Fig. 1 is a perspective view of a membrane power generation device according to the present invention, Fig. 2 is a partially enlarged perspective view showing the lower part of Fig. 1, and Fig. 3 is a partially enlarged perspective view showing the yellow part of Fig. 2-. Figure 4 is the IV of Figure 3.
FIG. 5 is a partially enlarged vertical sectional view taken along line -IV, and a perspective view showing the solar cell module.
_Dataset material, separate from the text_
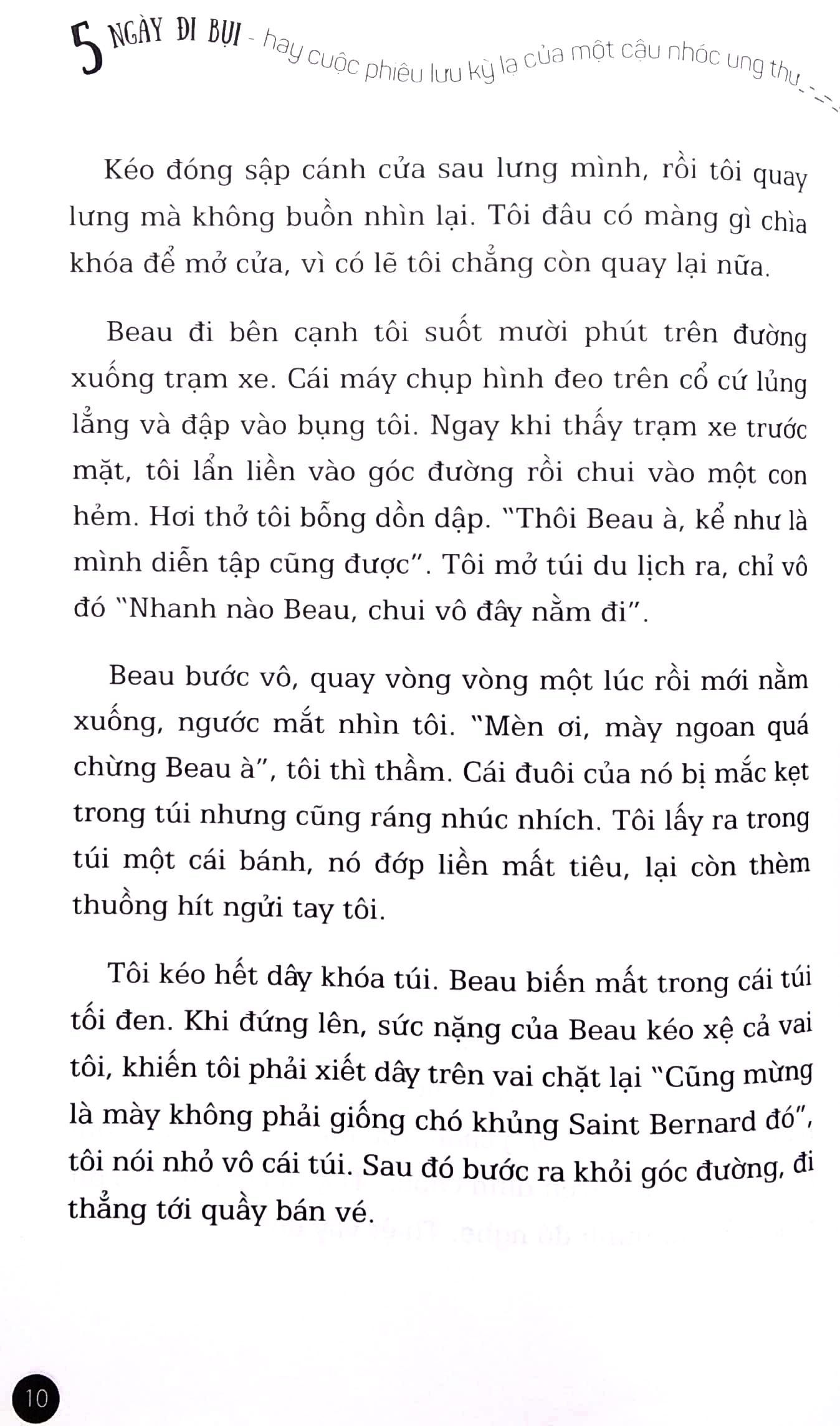Chuyến hành trình năm ngày của Mark và Beau bắt đầu. Suốt hơn 13 chương truyện là hành trình bỏ nhà đi với biết bao trải nghiệm dọc đường đi của Mark và chú chó Beau. Khởi đầu bằng cái mặt bị tẩn be bét bởi đám côn đồ ở Seattle. Thằng nhóc ốm yếu như Mark bị trấn lột sạch tiền và bỏ lại ở cái góc dơ bẩn đầy thùng rác và những thứ bỏ đi - cách mà Mark vẫn nhìn nhận về chính m.ình. Rồi những khi bị nước sông siết lạnh cuốn trôi mà cả nó và Beau trong tích tắc đã bước qua thế giới bên kia. Những lần chui lủi, trốn vé xe, tàu, nói dối cảnh sát và qua mặt "đám người lớn phức tạp". Mark đã làm được nhiều hơn bất cứ một người bình thường nào chứ chưa nói đến một đứa nhóc lớp 8 dặt dẹo. Nhưng quan trọng hơn cả, suốt dọc đường đi, Mark nhận thêm tình yêu thương từ những con người tốt bụng chẳng quen xung quanh. Tình yêu thấm đượm trong bọc thức ăn của những người phụ nữ nấu bếp người Mexico, cái nháy mắt cười tinh anh của cô bé "nói huyên thuyên không ngừng" trên chuyến xe buýt đến Wenatchee và cả ông chú cho Mark đi nhờ trên đường ngược bão tuyết lên núi. Mark đã không cưỡng được mà mở lòng với những con người nhỏ bé nhưng ấm nóng tình thương người đó, để nghe và hiểu câu chuyện của họ. Rồi thằng bé nhận ra nó không một m.ình. Mặc cho sự cứng đầu cố chấp và trái tim như đang mất dần niềm tin vào cuộc sống khi từng cơn đau cứ dộng từng nhịp trong cái đầu trọc trơ của nó, Mark có thêm động lực để hoàn thành chuyến đi nó hằng mong ước.

Explanation of symbols 1O... Membrane power generation device, 11... Membrane body, 12...
Transparent film, 13... Space, 14... Solar cell,
14a... Board, 15... Connection, 16... Connector, 17... Solar cell module. Patent applicant Taiyo Kogyo Co., Ltd. Agent

Claims (1)

[Claims] A solar cell is attached to the membrane body 1- which has flexibility, and each solar cell is electrically connected to the membrane body +M.
A membrane power generation device using a solar cell, characterized in that it is formed by opening.